EEOC Releases New National Enforcement Plan

WASHINGTON — The U.S. Equal Employment Opportunity Commission (EEOC) today approved a new National Enforcement Plan (NEP) for fiscal years 2025-2029.

The NEP replaces the agency’s fiscal year 2024-2028 Strategic Enforcement Plan. The NEP helps guide the EEOC’s work through all of the agency’s activities, including outreach, public education, technical assistance, enforcement, and litigation.
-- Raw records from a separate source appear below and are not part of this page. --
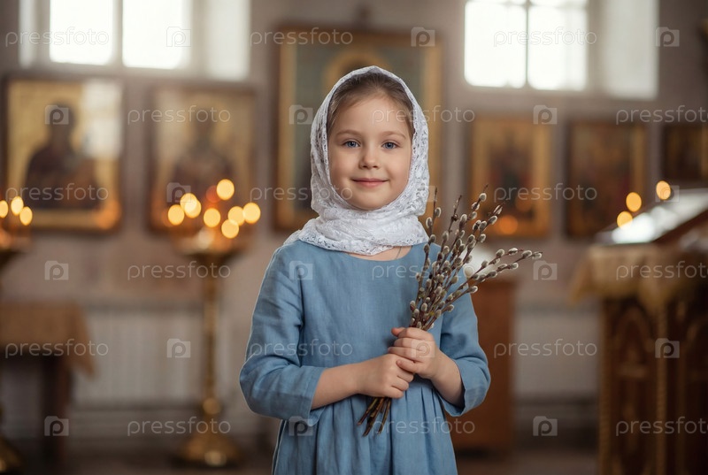 Религия и вера. Вербное воскресенье. Портрет маленькой девочки в русском народном платке с букетом вербы внутри церкви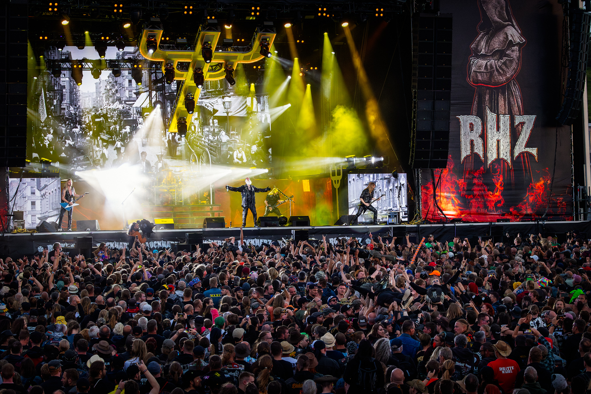 Die Legende ruft – und alle kommen! Auf JUDAS PRIEST können sich alle Anwesenden einigen und auf dem gesamten Gelände wartet die Menge auf den Metal God! „War Pigs“ von BLACK SABBATH lässt eine Gänsehaut entstehen und nach dem Intro beginnt die musikalische Reise mit„Panic Attack“ aus dem aktuellen Album. Nach „You´ve Got Another Thing Comin´“ ist klar, dass PRIEST einen denkwürdigen Abend vorbereitet haben und mit „Rapid Fire“ und „Breaking The Law“ bekommt das Publikum genau die Dosis Heavy Metal, die sie verdient. Die riesige Videoleinwand verstärkt visuell das Erlebnis, wobei der Blickfang natürlich Rob Halford ist, der die Bühne für sich einnimmt und regelmäßig mit den begeisterten Fans kommuniziert. Der Meister erreicht ungeahnte Tonhöhen und sogar der extrem anspruchsvolle „Painkiller“ kommt ohne stimmliche Schwächen aus den Boxen. Ob hier nachgeholfen wurde oder ob Rob wirklich gut bei Stimme ist, kann ich nicht beurteilen, aber im Endeffekt ist dies auch egal, da sensationell angeliefert wurde. Nach einer Stunde verlässt die Band die Bühne, um mit „Hellion/Electric Eye“ auf die Bühne zurückzukehren und der Menge das zu geben, was sie verlangt. Natürlich lässt sich Halford nicht lumpen und Motorengeräusche kündigen den Auftritt der obligatorischen Harley an, die auf der Bühne geparkt wird. „Hell Bent For Leather“ und „Living After Midnight“ beenden den großartigen Auftritt und die letzten Worte sind hoffentlich ein Versprechen: „We are fucking JUDAS PRIEST – we will be back“!!!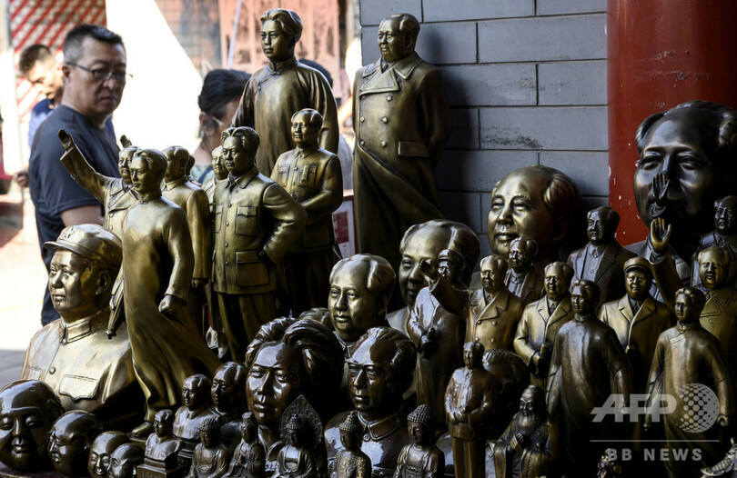 中国人の多くは、中華人民共和国の建国の父、毛沢東政権下の混沌(こんとん)とした血なまぐさい数十年のことを忘れてしまっているのかもしれない。だが、中国共産党の創立が宣言されてから70年がたつ今、毛をモチーフにした記念品が中国全土の店舗や露店で販売されている。(c)AFP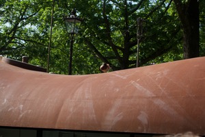 This photograph captures a whimsical moment where a figure peers over a rounded, rust-colored rooftop, surrounded by vibrant green foliage. Strong natural light filters through the trees, creating a lively and inviting atmosphere. The composition draws the eye upward, inviting curiosity about the perspective and the world beyond.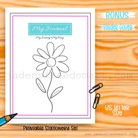 My Journey My Way Printable Journal & Stationery Set Floral Writing Pages, Gratitude List & Coloring Page Instant Download PDF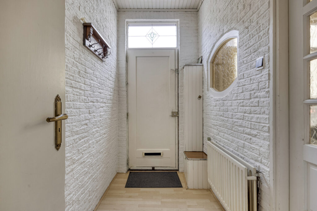 Hal met entree, garderobe, meterkast, ruime berging ideaal voor het plaatsen van uw fiets, in deze berging is ook een gootsteen aanwezig en electra. Vanuit de hal bereikt u de ruime en lichte woonkamer voorzien van houten vloer, grote schouw met open haard (niet in gebruik), opbergkast onder de trap en deur met trapopgang naar de eerste verdieping. Vanuit de woonkamer heeft u toegang tot de keuken met eenvoudige keukenblok voorzien van onder- en bovenkasten en spoelbak, losse koelkast, gaskookplaat en afzuigkap achterin de keuken is de toiletruimte bereikbaar met opstelplaats voor de Cv-ketel.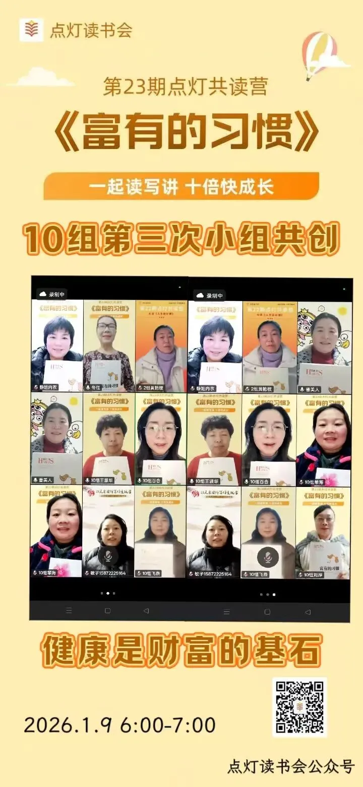 这是我们小组的第三次健康主题共创分享。晨光微熹的直播间里,十一位伙伴围坐在一起,以《富有的习惯》为底色,聊运动、谈饮食、话睡眠、悟心态,没有枯燥说教,只有滚烫的生活分享,聊着聊着便走进了心流时刻。

It also reaffirms the agency’s three-pronged approach to eliminating discrimination in the workplace: prevention through education and outreach; the voluntary resolution of disputes, including through Alternative Dispute Resolution, pre-determination settlements, and conciliation agreements; and strong and evenhanded enforcement through litigation.

“The National Enforcement Plan reaffirms the agency’s unwavering commitment to merit-based, evenhanded enforcement of our nation’s civil rights laws,” said EEOC Chair Andrea Lucas. “By prioritizing intentional discrimination and underscoring that every worker must be treated as an individual under the law, this plan sharpens the agency’s focus on protecting equal opportunity for all Americans. It strategically directs enforcement resources toward the most serious and consequential unlawful employment practices to better safeguard workers’ civil rights nationwide.”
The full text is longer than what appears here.